I work through the internet. I keep in touch with friends through the internet. I watch hockey through the internet.
The hard part is that even my leisure can begin to merge with my work, and if I’m misbehaving, my work can be slowed by my leisure. In order to make the most of my time in either category, I need to be fully present with one or the other.
And yet more and more, I find myself fighting against blurring lines. Time leaks away from work, or work tries to invade my quiet Sunday afternoons.
A gift I’ve received from God lately has been permission to fully rest. When I’m relaxing on an evening or weekend, I have permission to just focus on a full period of hockey without checking my e-mail—unplugging from my work. If I’m taking a walk, the phone stays turned off. If I’m eating dinner on the porch, the computer, Nook, and phone stay inside while I watch the sunset swirl with reds, oranges, and purples.
I keep hearing this whisper over and over again to be fully present where I’m at. This is so different from my frantic, multi-tasking tendencies, that I can only say it is something that God is impressing on me.
This week has been particularly busy.

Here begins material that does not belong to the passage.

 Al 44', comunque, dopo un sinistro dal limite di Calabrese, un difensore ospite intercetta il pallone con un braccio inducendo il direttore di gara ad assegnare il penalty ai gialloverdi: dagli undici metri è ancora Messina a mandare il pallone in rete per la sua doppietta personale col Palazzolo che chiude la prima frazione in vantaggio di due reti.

I’m going to the Indianapolis Christian Writing Conference on Friday, and I picked up some extra projects. I’ve worked some long days. I could have worked even longer days.

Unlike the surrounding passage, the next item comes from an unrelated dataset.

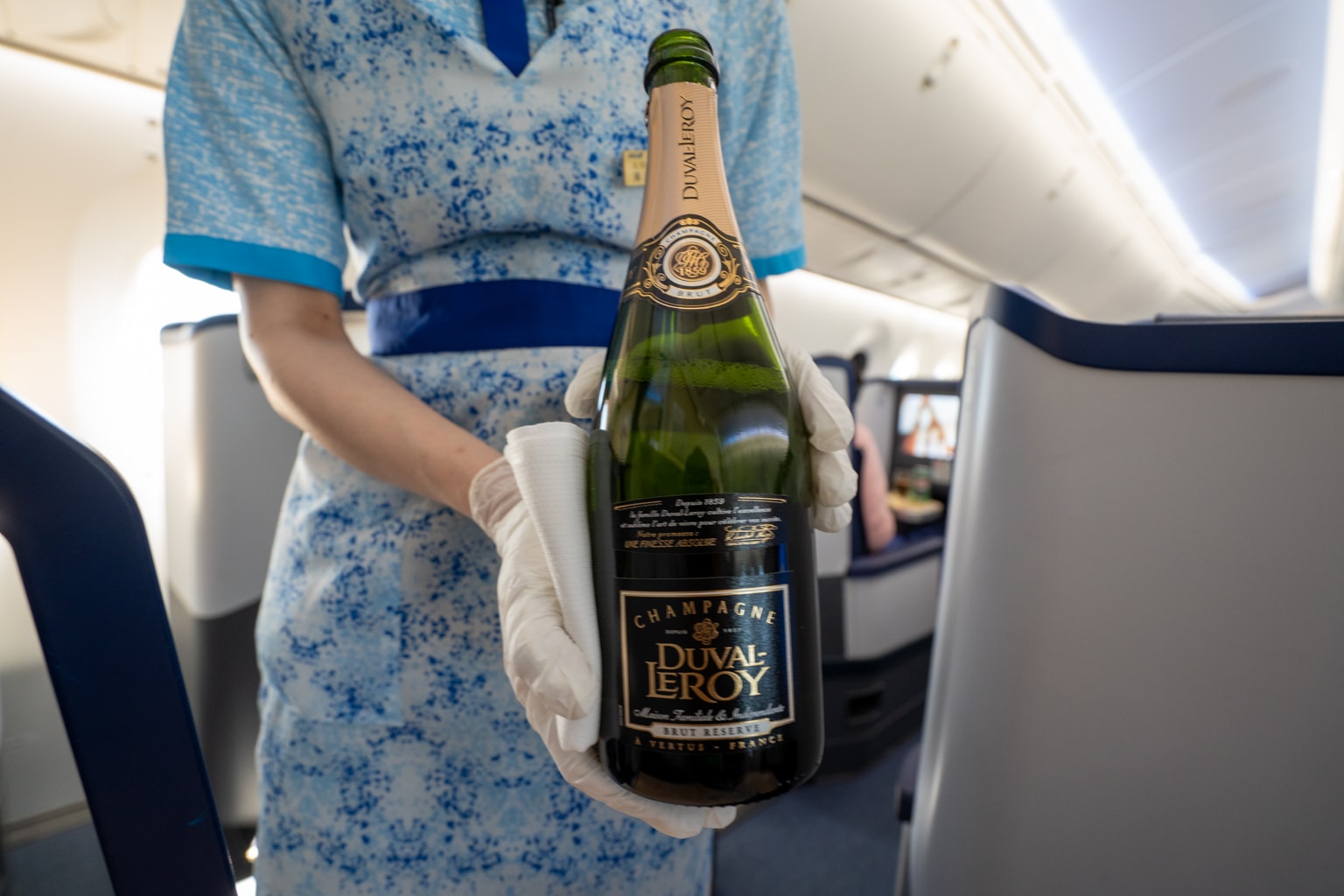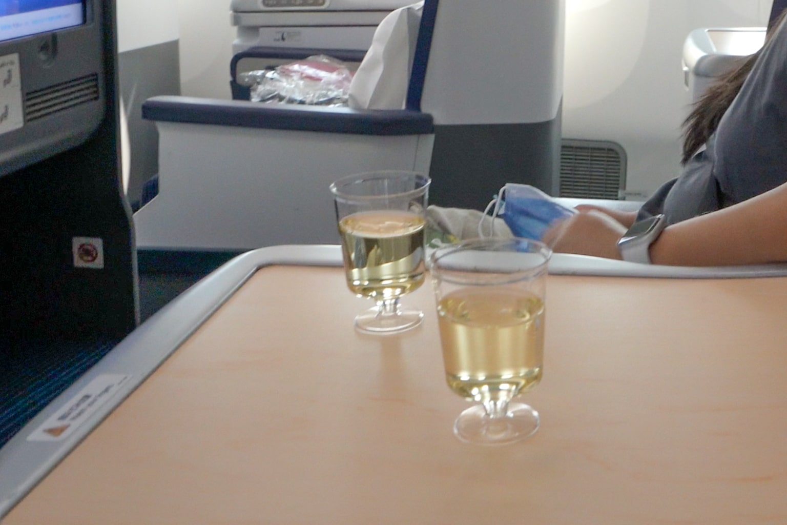 The crew also came by to pass around some pre-departure welcome drinks, which included champagne, juice, and water. Naturally, we opted for the champagne despite the noon takeoff time – if anything, as a way to get a head start on acclimating to the Asia time zone.

Despite my overwhelming to-do list, last night I sensed that I needed to eat dinner on the porch and spend a little time in the living room with the rabbits while a hockey game played in the background. These aren’t things that I do naturally. My wife is often shocked to see me sitting on the couch, just relaxing.
These short, simple pleasures were gifts. I would never give myself permission to stop. I can always find another project, another e-mail, and another chore.
God’s gift to me has been rest—permission to unplug and enjoy an evening at home. Rest is just as available and unlimited as my projects and work, but I need to choose to receive it.